[Items from a dataset]

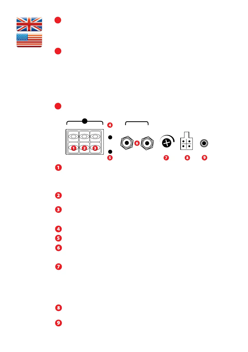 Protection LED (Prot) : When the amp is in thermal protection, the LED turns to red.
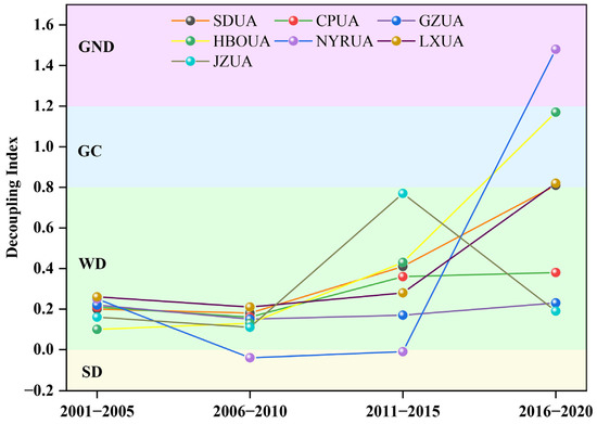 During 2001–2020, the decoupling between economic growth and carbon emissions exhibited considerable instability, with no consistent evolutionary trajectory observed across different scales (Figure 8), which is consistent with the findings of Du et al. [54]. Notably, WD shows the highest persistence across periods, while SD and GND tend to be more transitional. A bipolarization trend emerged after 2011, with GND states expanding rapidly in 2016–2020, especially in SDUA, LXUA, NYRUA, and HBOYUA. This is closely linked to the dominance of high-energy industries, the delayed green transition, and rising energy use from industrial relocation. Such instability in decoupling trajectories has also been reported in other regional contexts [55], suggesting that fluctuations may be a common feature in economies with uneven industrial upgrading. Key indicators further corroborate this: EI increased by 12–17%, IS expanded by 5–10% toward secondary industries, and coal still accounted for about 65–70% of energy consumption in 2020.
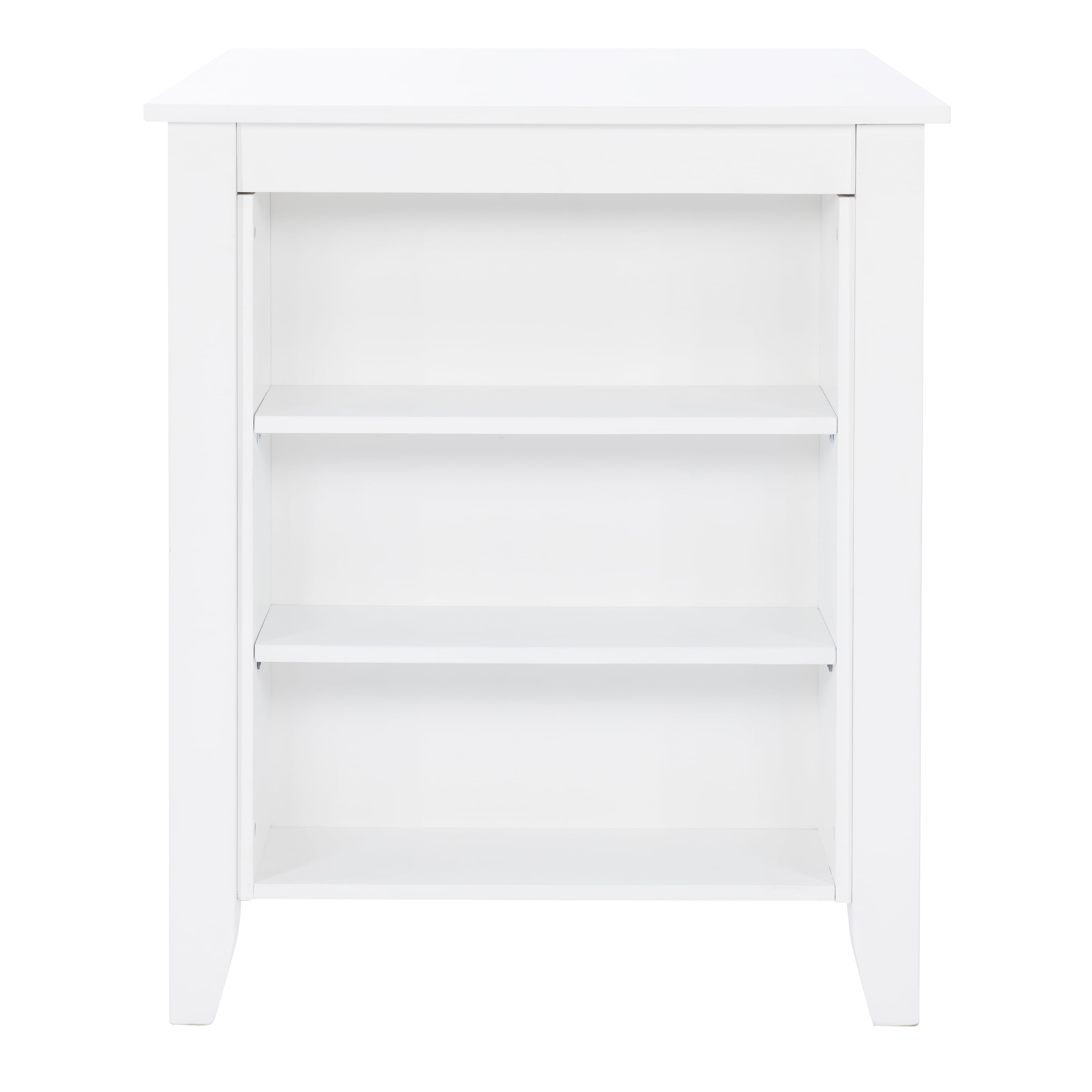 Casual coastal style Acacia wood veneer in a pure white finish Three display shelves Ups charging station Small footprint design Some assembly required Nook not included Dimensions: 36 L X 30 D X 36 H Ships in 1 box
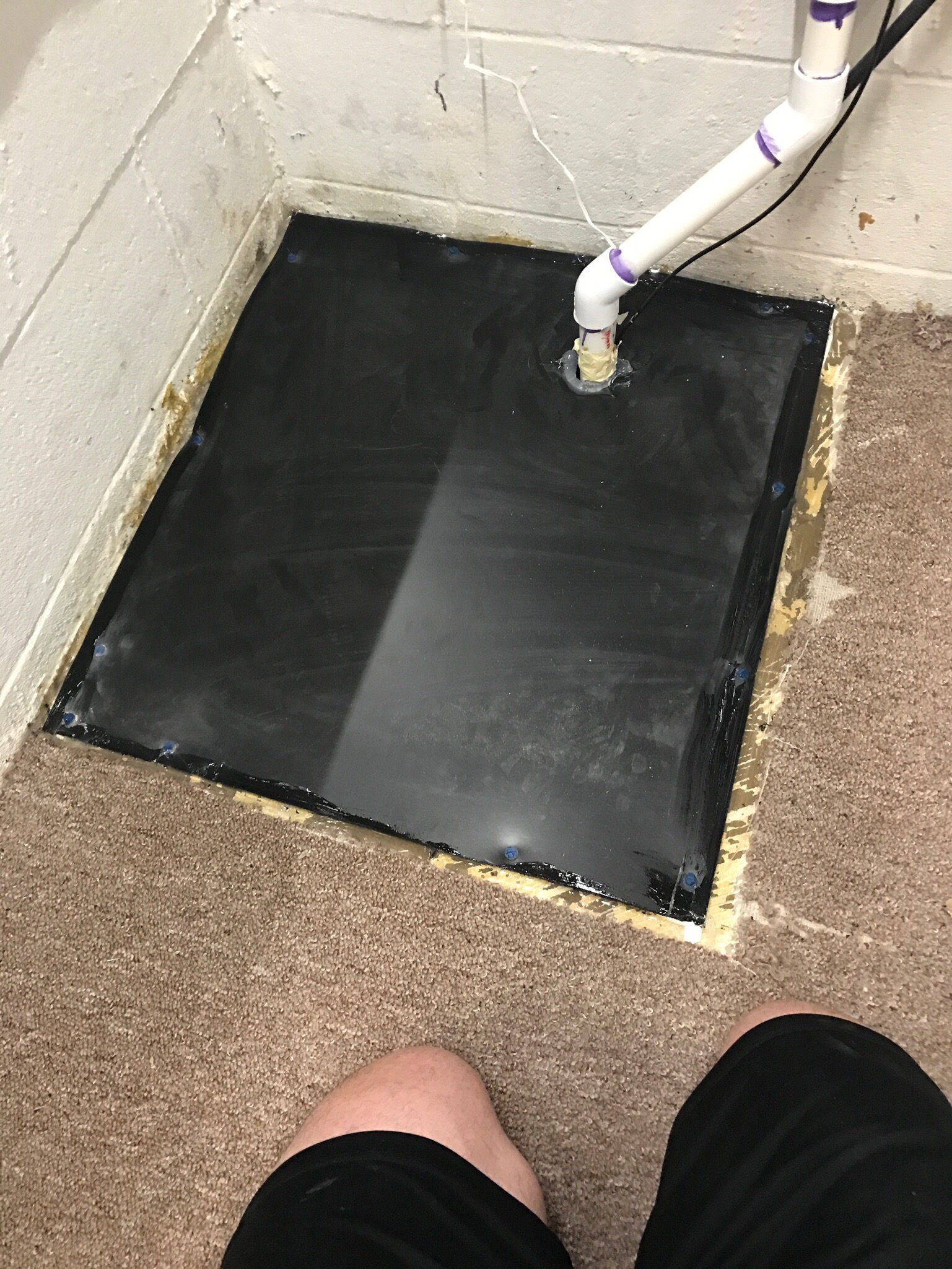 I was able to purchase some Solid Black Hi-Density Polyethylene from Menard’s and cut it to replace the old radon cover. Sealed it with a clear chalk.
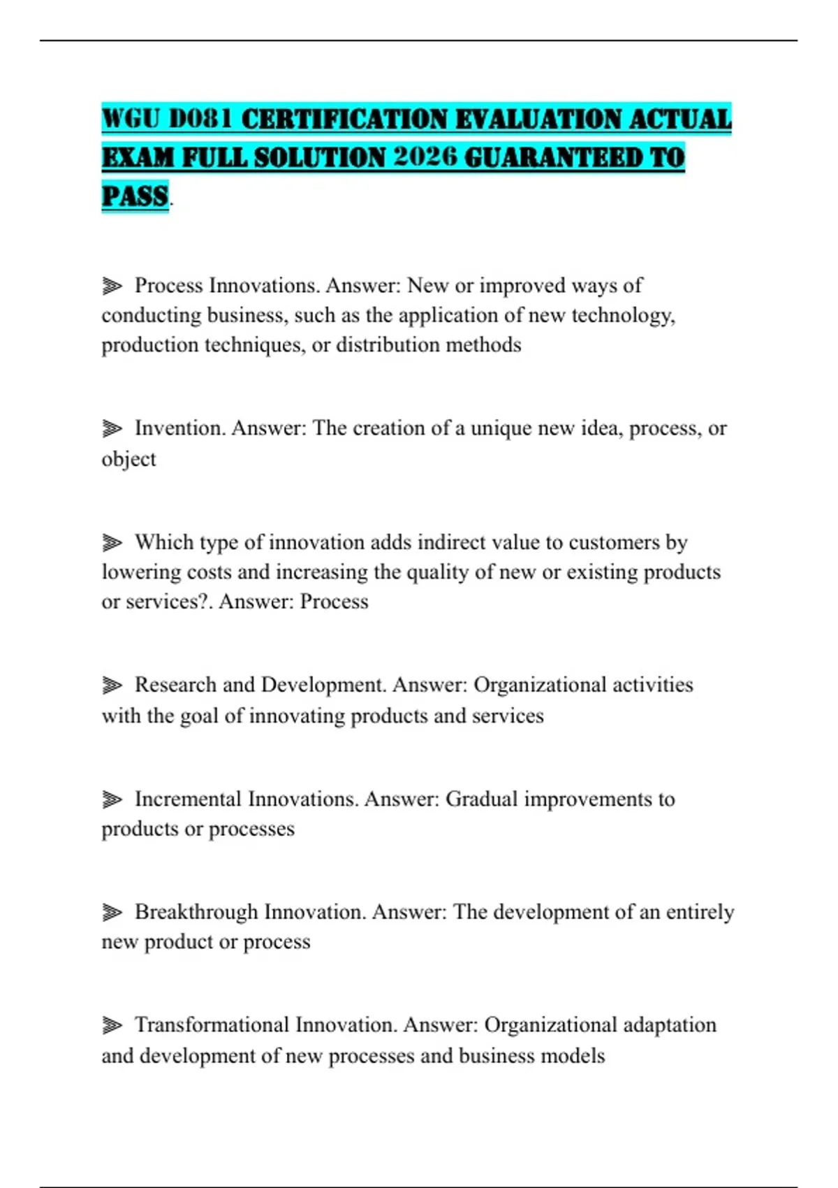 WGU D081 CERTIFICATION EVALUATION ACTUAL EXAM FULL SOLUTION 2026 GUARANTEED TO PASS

#### ACTION ITEM
Although the records include pictures, the copy should reproduce every line exactly and none of the pictures.

#### SOLUTION TO THIS TASK
 Protection LED (Prot) : When the amp is in thermal protection, the LED turns to red.
 During 2001–2020, the decoupling between economic growth and carbon emissions exhibited considerable instability, with no consistent evolutionary trajectory observed across different scales (Figure 8), which is consistent with the findings of Du et al. [54]. Notably, WD shows the highest persistence across periods, while SD and GND tend to be more transitional. A bipolarization trend emerged after 2011, with GND states expanding rapidly in 2016–2020, especially in SDUA, LXUA, NYRUA, and HBOYUA. This is closely linked to the dominance of high-energy industries, the delayed green transition, and rising energy use from industrial relocation. Such instability in decoupling trajectories has also been reported in other regional contexts [55], suggesting that fluctuations may be a common feature in economies with uneven industrial upgrading. Key indicators further corroborate this: EI increased by 12–17%, IS expanded by 5–10% toward secondary industries, and coal still accounted for about 65–70% of energy consumption in 2020.
 Casual coastal style Acacia wood veneer in a pure white finish Three display shelves Ups charging station Small footprint design Some assembly required Nook not included Dimensions: 36 L X 30 D X 36 H Ships in 1 box
 I was able to purchase some Solid Black Hi-Density Polyethylene from Menard’s and cut it to replace the old radon cover. Sealed it with a clear chalk.
 WGU D081 CERTIFICATION EVALUATION ACTUAL EXAM FULL SOLUTION 2026 GUARANTEED TO PASS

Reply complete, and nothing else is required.